Tuesday, December 28, 2010

I Want to Run.

I turned 36 years old a couple of weeks ago and wrapped up my first full year as a runner.  And what do I have to show for it?   A knee injury that is healing slower than I run, twenty-two race bibs on my wall, two fewer toenails, and a desire that rivals most crack-addicts to get back out on the trails and run.  But I'm not.  Not yet.  I want to run next year, stronger and faster than I did this year, and before I can do that I've got to get healthy.  And believe me, getting healthy feels like it is killing me.  Every morning when my wife gets up at 5:30 and goes out and runs in the rain and the cold and comes home to tell me how great she feels and how fast and how far her and her running buddies ran I want to kill her.  I want to be cold and wet and sweaty and out-of-breath and sore and stinky.  I WANT TO RUN.
My wife and I took up running last fall for our own very different reasons.  Her to lose weight, she had just given birth to our third child.  And me, well because I've always wanted to run.  I tried a few times in the past, and it just never seemed to click for me.  I always knew that I could run, I just didn't.  As a matter of fact I was always telling my wife that anyone could run, even her, to which she always replied something along the lines of, but nothing quite as civil as, "Go jump in a creek."  I'm confident that the fact that we started running together this time is one of the main reasons we're both still running (or at least trying to run), even if we are becoming totally different runners.
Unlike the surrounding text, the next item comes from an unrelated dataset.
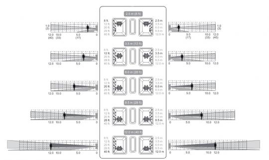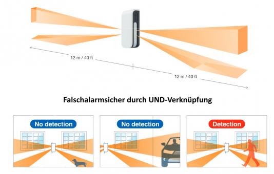 Vier Pyroelemente sorgen für eine wirksame Vermeidung von Falschalarmen. So werden z. B. Mäuse, Katzen oder kleine Hunde im unteren Erfassungsbereich als nicht alarmrelevant ausgeblendet. Der Erfassungsbereich beträgt max. 24 Meter (je 12m nach links und nach rechts. Die Reichweite und Empfindlichkeit kann in fünf Stufen individuell konfiguriert werden. Auch kann ein getrenntes Alarmsignal für die linke und die rechte Seite ausgegeben werden.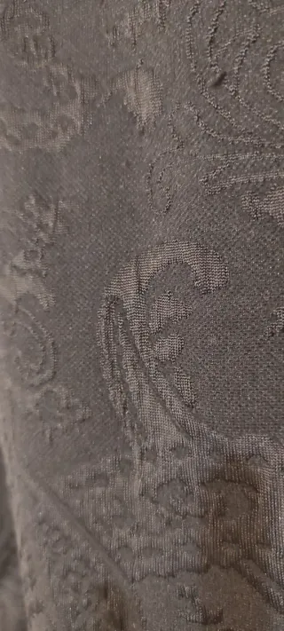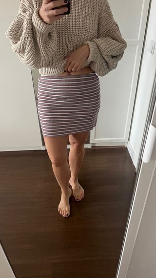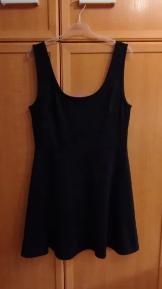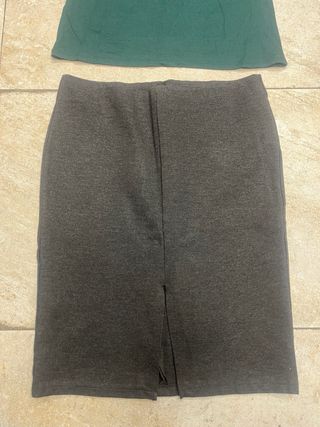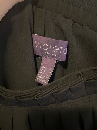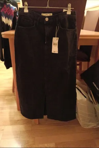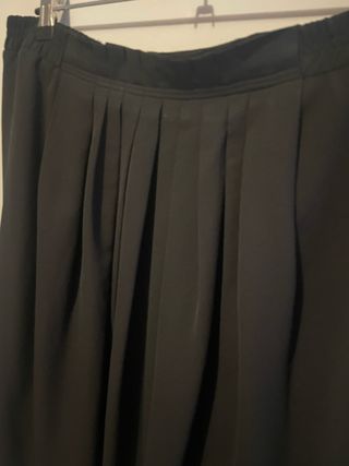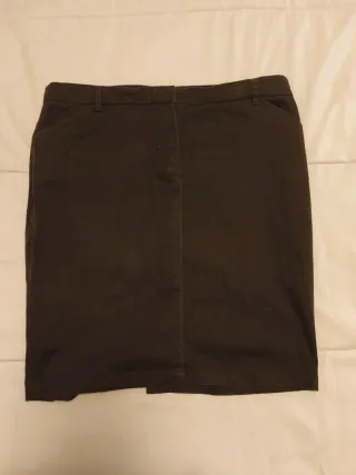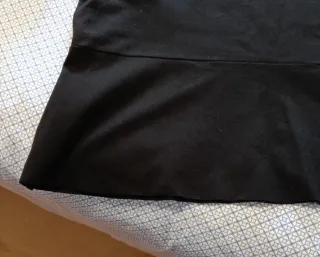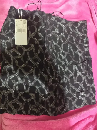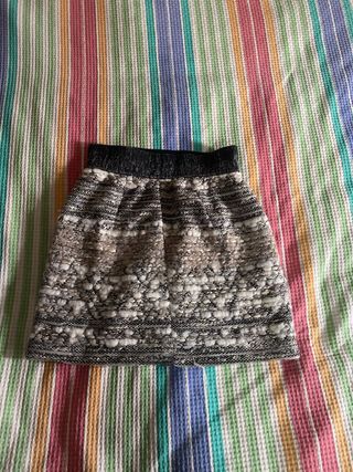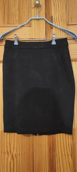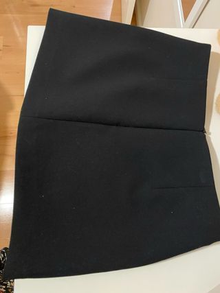 - Cintura con banda negra. No es elástica. Medida entre costuras: unos 33-34 cm. - Largo por encima de la rodilla. 39 cm de arriba a abajo. - Tela con textura.

She is a speed demon.  I mean fast, especially for a girl.  I don't mean to sound sexist, but lets face it, the running community in general is to blame for this.  It was not my idea to seperate race results into genders and age groups.  But in the last year she has morphed from the girl who couldn't run one lap around the track without complaining, into one of the top women runners in our little town.  Next year she'll probably run a sub 20 minute 5K and a 3:40 marathon.
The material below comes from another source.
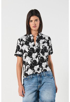 Blusa manga corta para mujer en tono unicolor cuenta con cuello camisero, diseños estampados, prense en espalda, bolsillo en el pecho, cierre con botones en frente y una silueta ajustada al cuerpo. ¿Buscas una prenda que refleje tu personalidad moderna? ¡Esta es la indicada! Combínala con tu mejor jean y luce genial en todo momento.

Me, on the other hand, I just like to run, and run, and run.  I am a distance oriented runner, the longer the distance, the greater the challenge, the bigger the appeal.  I want to run farther every time I run.  Of course I want to run fast too.  Enter my knee injury. Midsummer, after I'd been running for about six months, I read an article about Scott Jurak in Runner's World, and decided in that instant that it was my Destiny to be an Ultra runner.  So, I signed up for a forty-miler in September.  A forty-miler that ran three loops around a mountain with 2500 ft. of elevation gain every lap.  So I upped my milage from about 25 (comfortable) miles per week to about 45 miles per week over the span of about a month.  I trained like that for about two months, I ran (and finished) my first Ultra, and limped away with this knee injury.
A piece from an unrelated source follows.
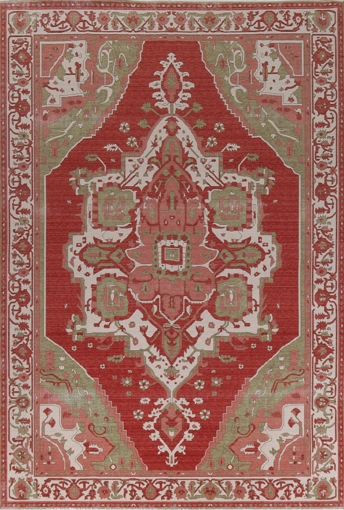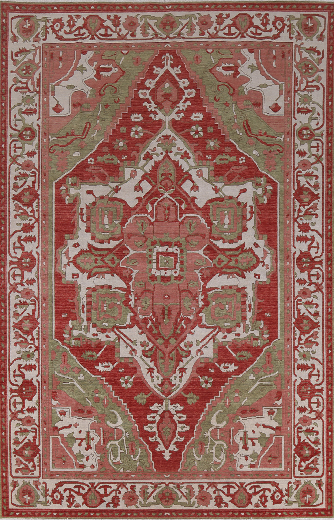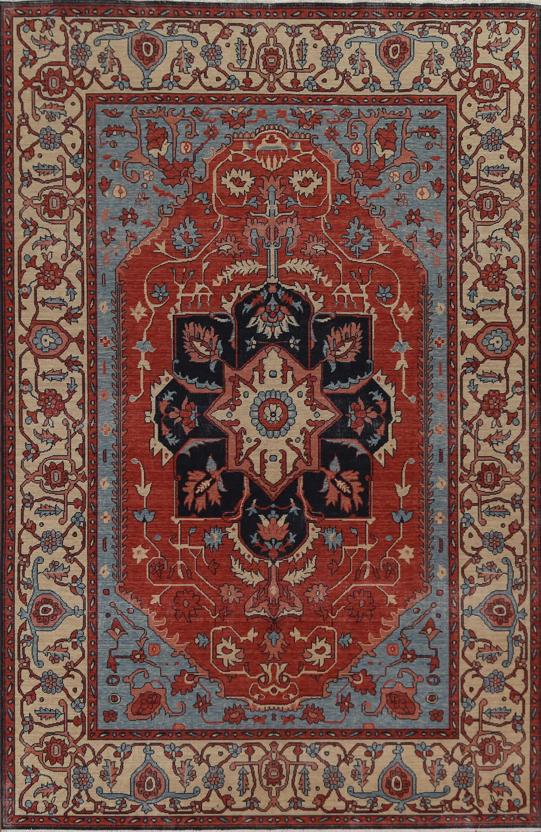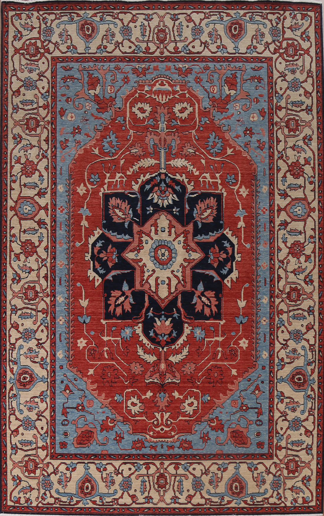 Handmade Red Heriz Serapi Turkish Wool Rug 7x10

So, I'm taking a month and a half off from running, and planning on starting my new training year on New Years Day.  I'll spend the holidays on the stationary bike, watching old movies and trying not to go crazy.  I've spent this first year as a runner just running, so perhaps a little cross-training will do me good.  My running friends and every article I've ever read about training all say that cross-training is important, but so far it's been hard for me to get on a bike when I could be running.  It somehow feels like cheating.
      Who knows, maybe this injury will help me build some better training habits.  Maybe I'll end up a more rounded athlete.  Maybe I'll try a triathlon next year.  Maybe even an IronMan.  Or maybe I'll go crazy sitting on a couch listening to my wife's running stories and attack the next person who mentions running with this spoonful of cookie dough.